SOURCE INFORMATION ::
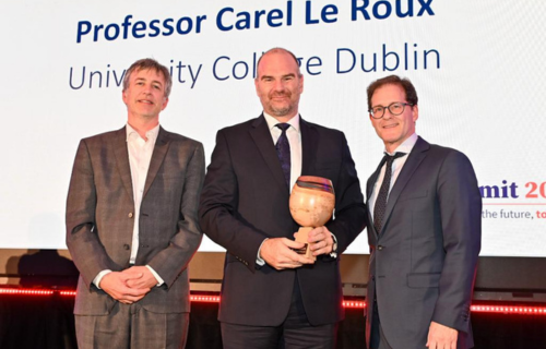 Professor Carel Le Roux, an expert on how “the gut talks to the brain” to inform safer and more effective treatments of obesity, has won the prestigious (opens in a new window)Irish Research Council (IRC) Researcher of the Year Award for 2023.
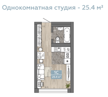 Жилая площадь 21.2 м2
...
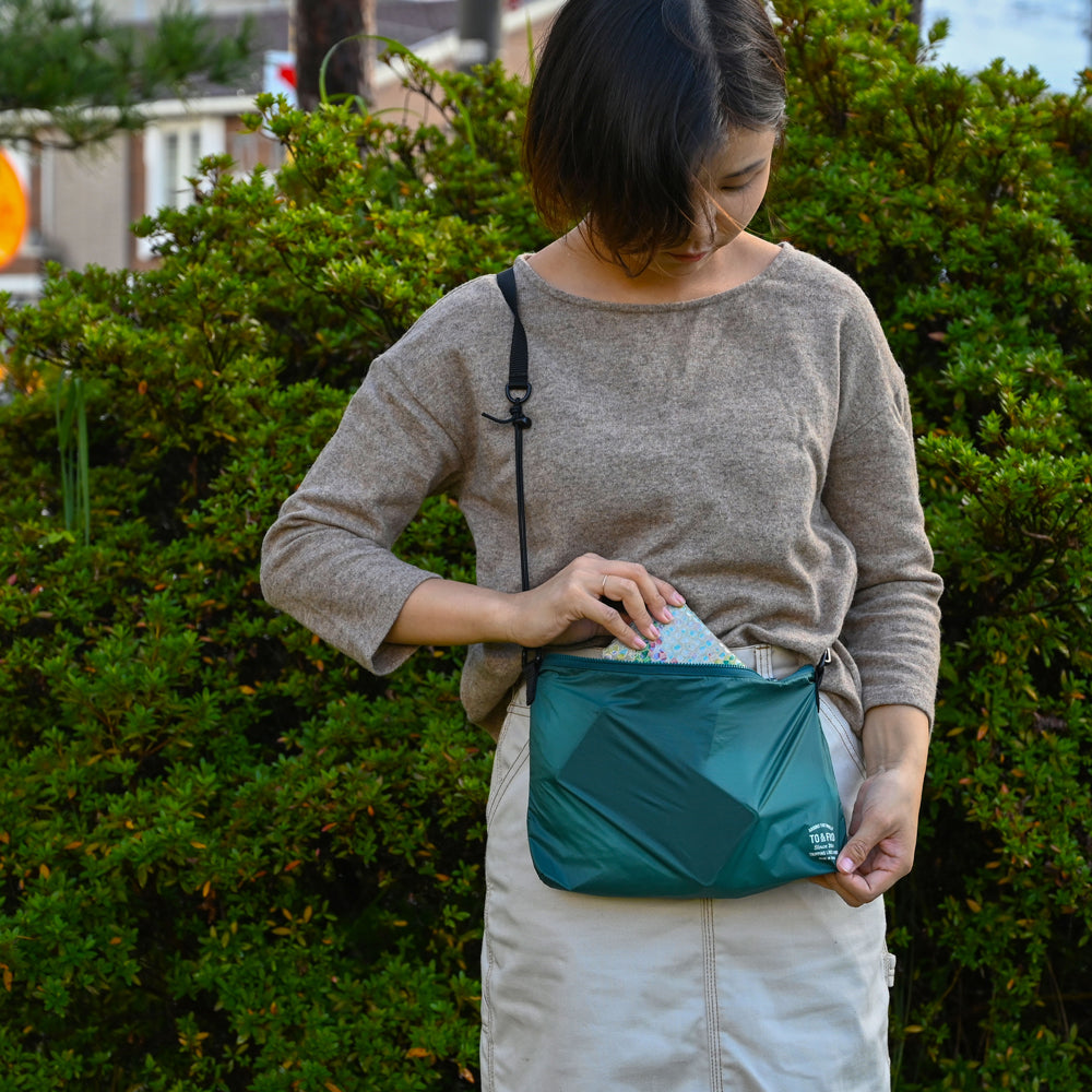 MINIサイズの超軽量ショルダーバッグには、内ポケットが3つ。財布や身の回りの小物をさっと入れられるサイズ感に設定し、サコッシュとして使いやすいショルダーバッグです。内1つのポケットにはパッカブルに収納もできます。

WHAT IS BEING ASKED ::
Using the data above, output the line that has "Professor Carel Le", the line that has "Жилая площадь 21.2 м2", and whatever lines fall between, each exactly as it stands and without pictures.

WRITTEN RESPONSE ::
 Professor Carel Le Roux, an expert on how “the gut talks to the brain” to inform safer and more effective treatments of obesity, has won the prestigious (opens in a new window)Irish Research Council (IRC) Researcher of the Year Award for 2023.
 Жилая площадь 21.2 м2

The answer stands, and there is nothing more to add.